··· INFORMATION SUPPLIED

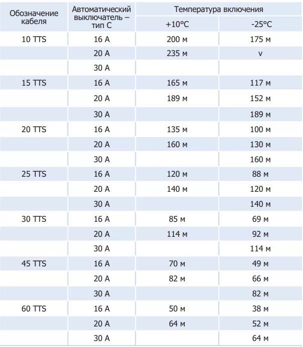 Максимальная рекомендуемая длина нагревательного кабеля при напряжении сети 230 В
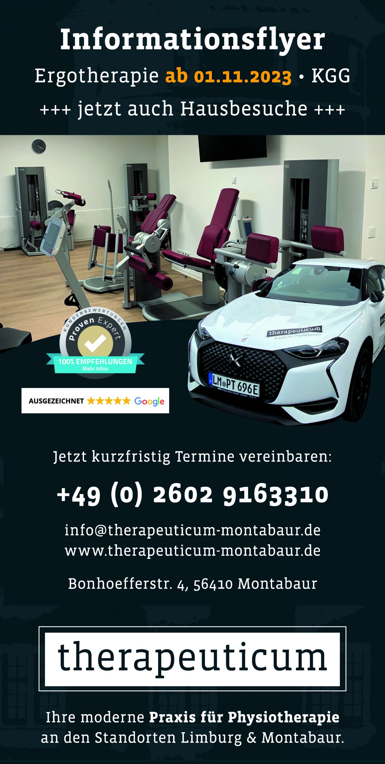 Nächste Woche werden in Montabaur und Wirges unsere neuen Flyer mit Infos zu unserem therapeutischen Angebot verteilt. Vorab können sind sie aber bereits hier zu sehen.
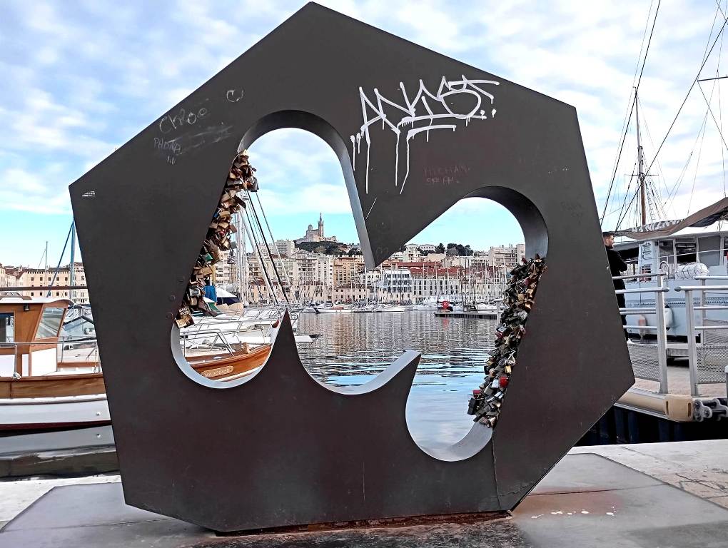 Στη φωτογραφία η Notre-Dame de la Garde, όπως φαίνεται μέσα από το «Μ», το σήμα κατατεθέν της πόλης.

······

Transcribe all the material exactly; skip every image.

◆ SOLUTION TO THE EXERCISE:
 Максимальная рекомендуемая длина нагревательного кабеля при напряжении сети 230 В
 Nächste Woche werden in Montabaur und Wirges unsere neuen Flyer mit Infos zu unserem therapeutischen Angebot verteilt. Vorab können sind sie aber bereits hier zu sehen.
 Στη φωτογραφία η Notre-Dame de la Garde, όπως φαίνεται μέσα από το «Μ», το σήμα κατατεθέν της πόλης.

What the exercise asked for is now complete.